## Exercise description
Retype exactly the lines below, starting with the line that contains "Silver Sunflower Dome Jhumkas" and ending with the last line; leave out any pictures.

*** Data ***

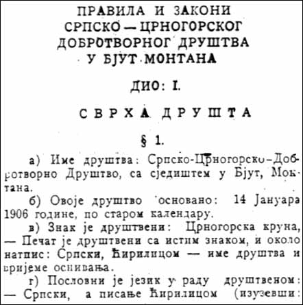 "Serb-Montenegrin Charitable Society" in Serbian language and Cyrillic alphabet. Within the society Serbian language and Cyrillic
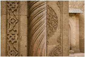 Detailed view of Islamic stone carvings showcasing ornate geometric patterns and motifs.
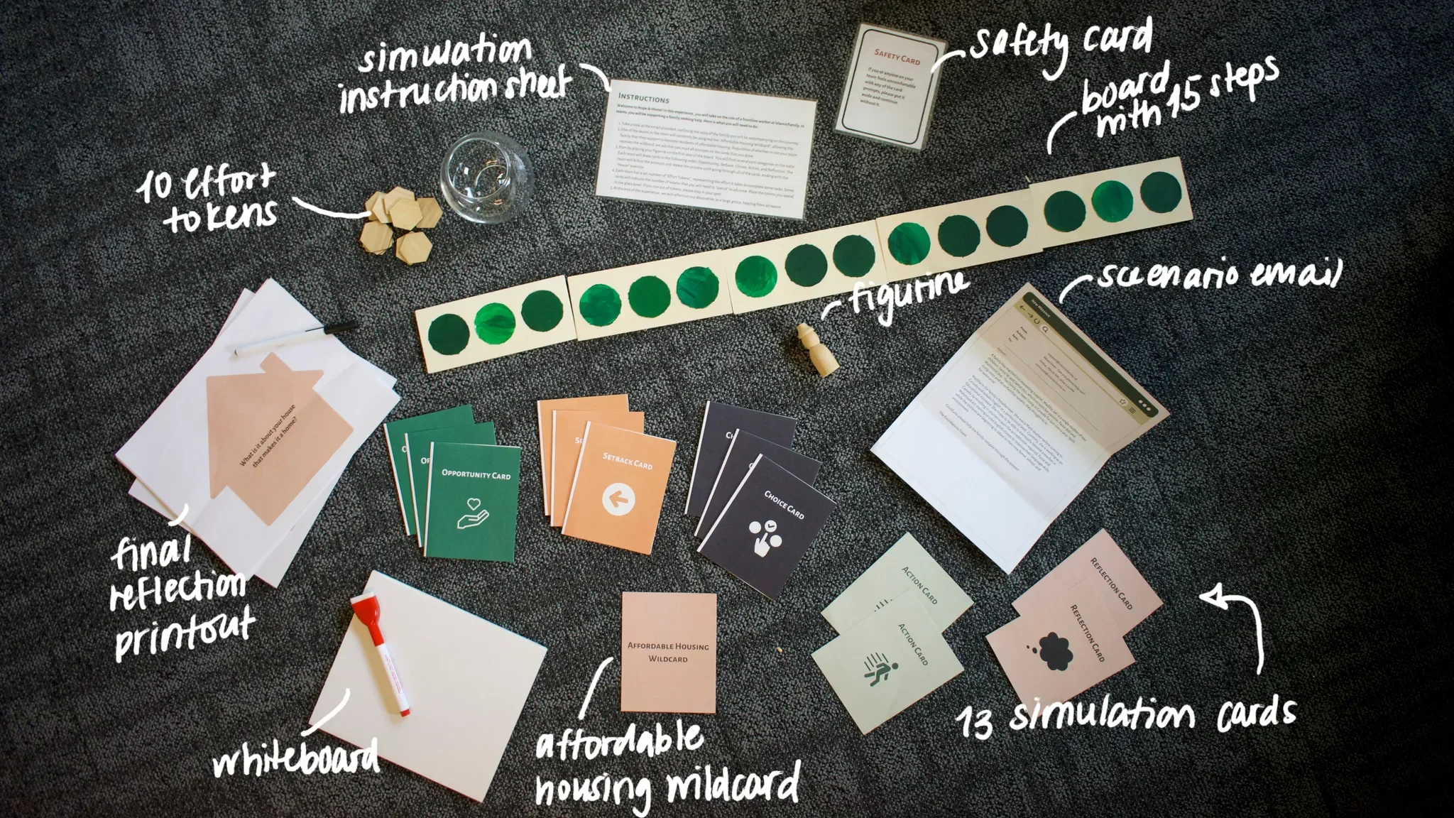 Game mechanics: We developed a board-and-card-based experience, with steps, “effort tokens,” and scenario cards representing opportunities, setbacks, and difficult choices.
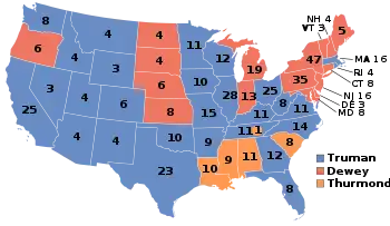 | Кандидат | Гарри Трумэн | Томас Дьюи | Стром Термонд |
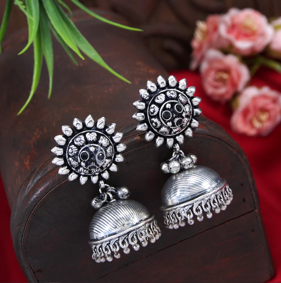 Silver Sunflower Dome Jhumkas
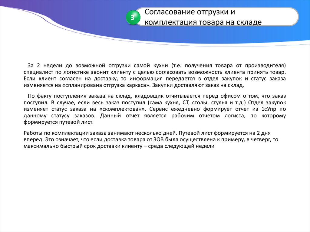 поступил. В случае, если весь заказ поступил (сама кухня, СТ, столы, стулья и т.д.) Отдел закупок
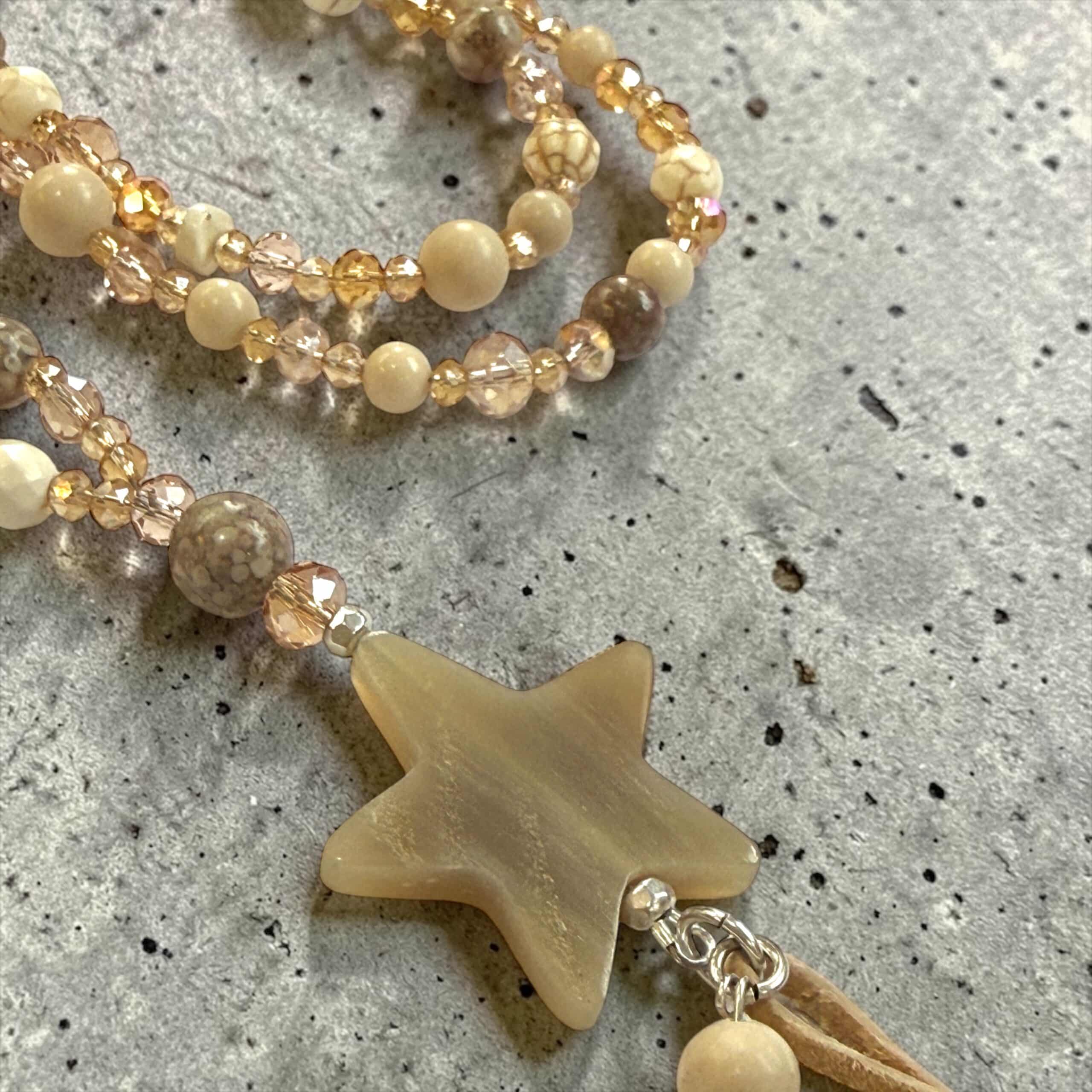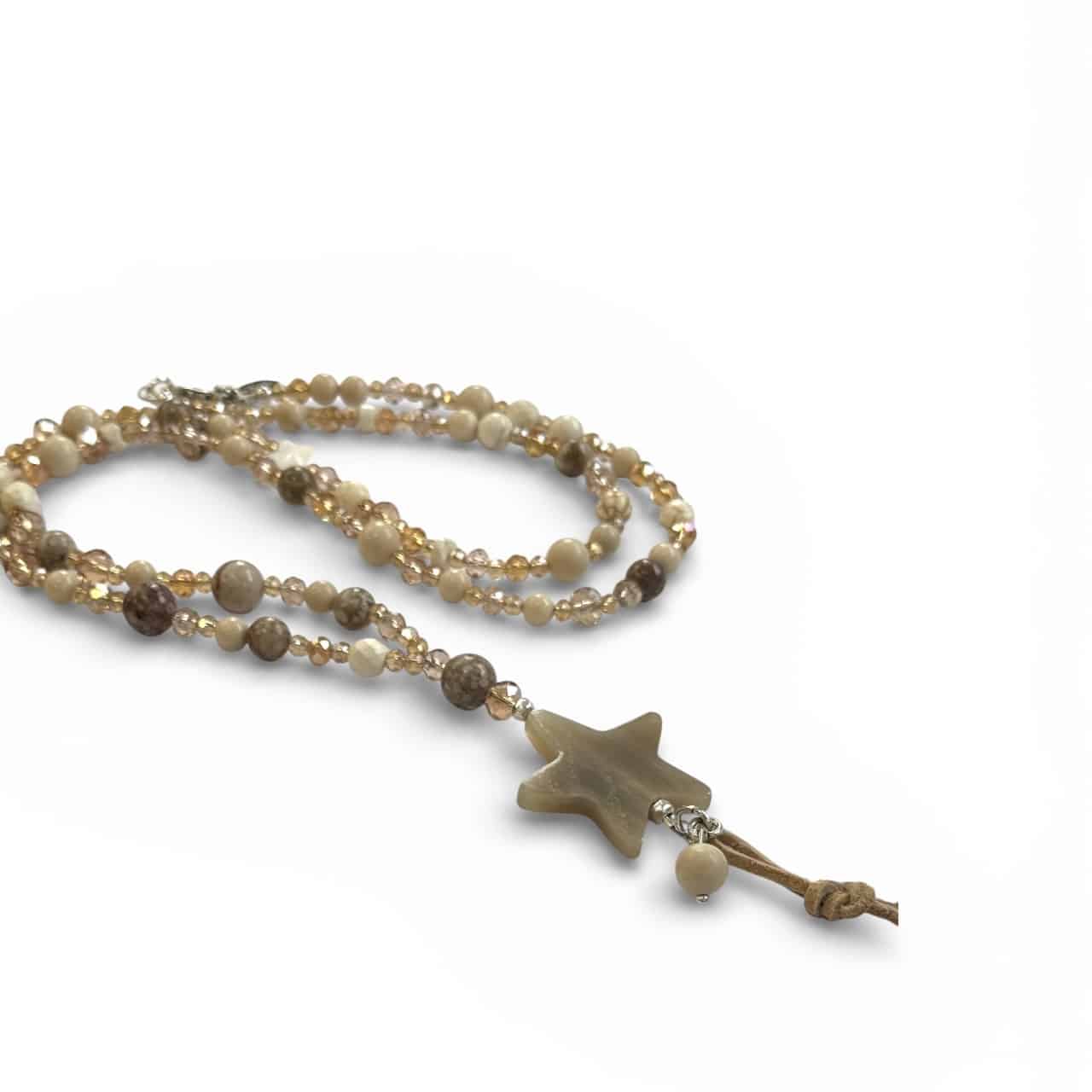 Handgefertigt aus Fossil Jaspis in harmonischen Beige- und Naturtönen, ergänzt durch facettierte Glasperlen, Holzperlen und einen hellen Stern-Anhänger aus Echthorn. Die dezente Lederschlaufe in Naturfarbe unterstreicht das natürliche, lässige Design.

*** End of Data ***

## Written reply
 Silver Sunflower Dome Jhumkas
 поступил. В случае, если весь заказ поступил (сама кухня, СТ, столы, стулья и т.д.) Отдел закупок
 Handgefertigt aus Fossil Jaspis in harmonischen Beige- und Naturtönen, ergänzt durch facettierte Glasperlen, Holzperlen und einen hellen Stern-Anhänger aus Echthorn. Die dezente Lederschlaufe in Naturfarbe unterstreicht das natürliche, lässige Design.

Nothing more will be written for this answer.